Information provided:
-- Opening Marker --

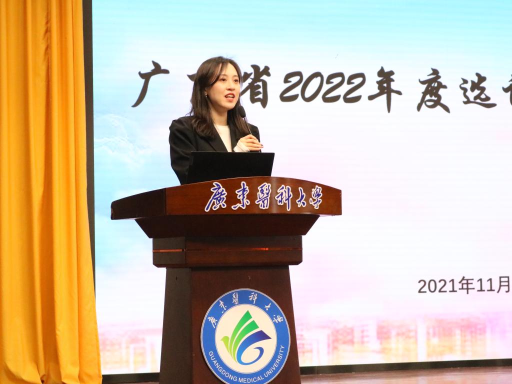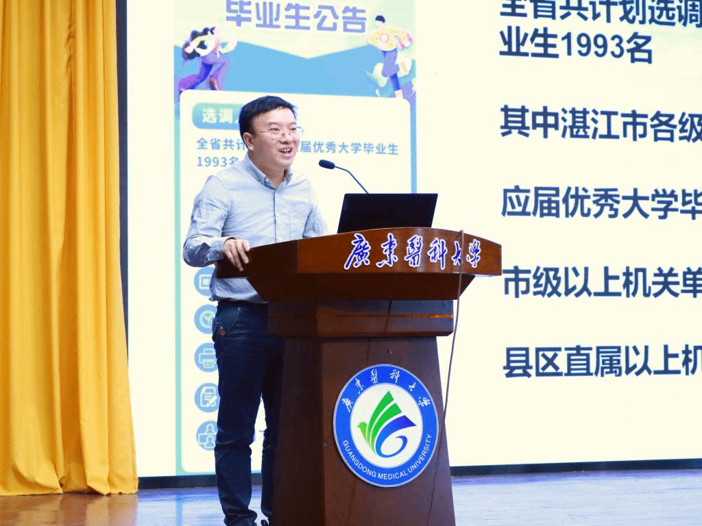 湛江市委组织部公务员二科干部周易涵首先上台宣讲,她结合精心制作的视频宣传材料,详细介绍了著名宜居城市------湛江美丽的风土人情、独具的地区优势,湛江市的城市定位、发展规划、未来前景展望等情况;并对考录湛江选调生的优惠政策做了分析解读。选调生,是各省委组织部门有计划地从高等院校选调品学兼优的应届大学本科及其以上毕业生到基层工作,作为党政领导干部后备人选和县级以上党政机关高素质的工作人员人选进行重点培养的群体的简称。其中,2022年度湛江市各级党政机关、部门115个岗位共招录选调生125人;湛江选调生考试会有一次考试和两次机会:湛江选调生参加招录考试后,若所报考岗位不成功,仍有一次调剂机会。
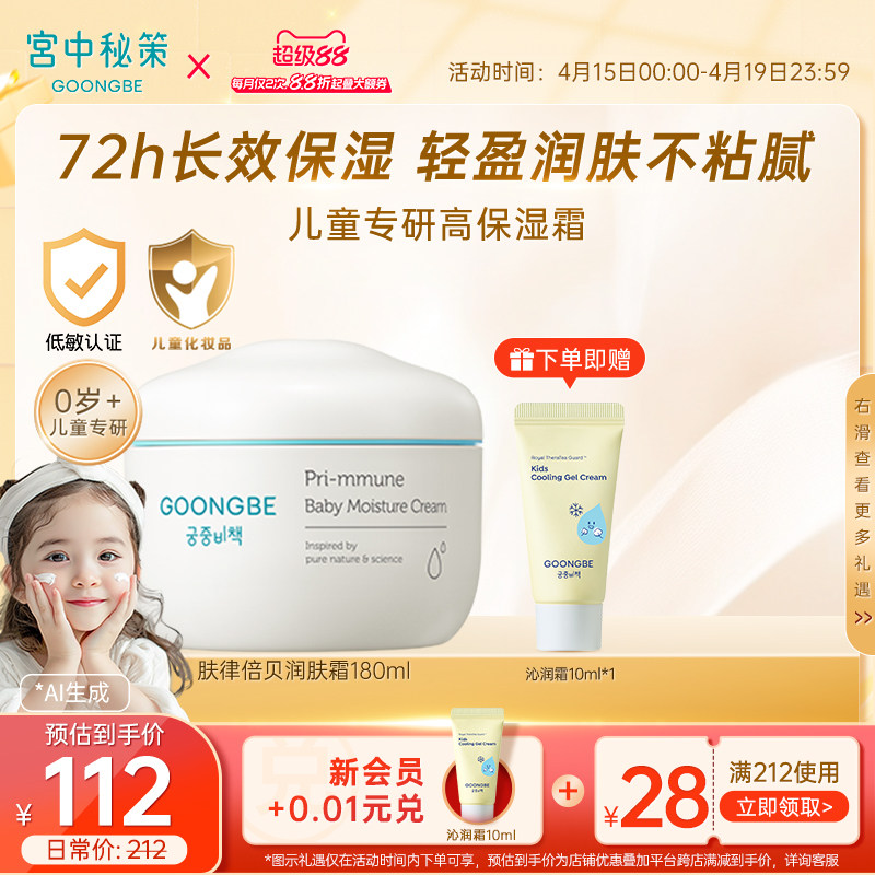 宫中秘策儿童面霜180ml婴儿宝宝专用润肤霜乳液春夏滋润护肤官方
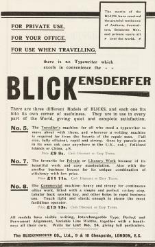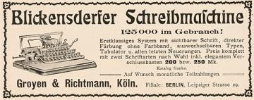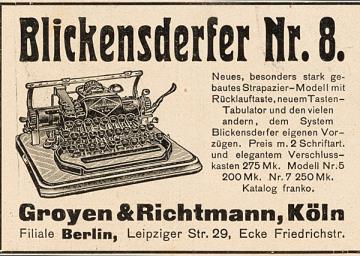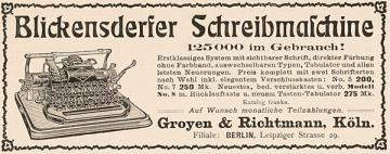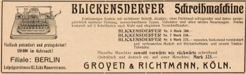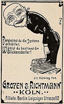 Werbeanzeige für Schreibmaschine Blickensderfer monochrom

-- Closing Marker --

Return exactly the lines that begin with the one containing "宫中秘策儿童面霜180ml婴儿宝宝专用润肤霜乳液春夏滋润护肤官方" and end with the final line of the data above; include no pictures.

The answer:
 宫中秘策儿童面霜180ml婴儿宝宝专用润肤霜乳液春夏滋润护肤官方
 Werbeanzeige für Schreibmaschine Blickensderfer monochrom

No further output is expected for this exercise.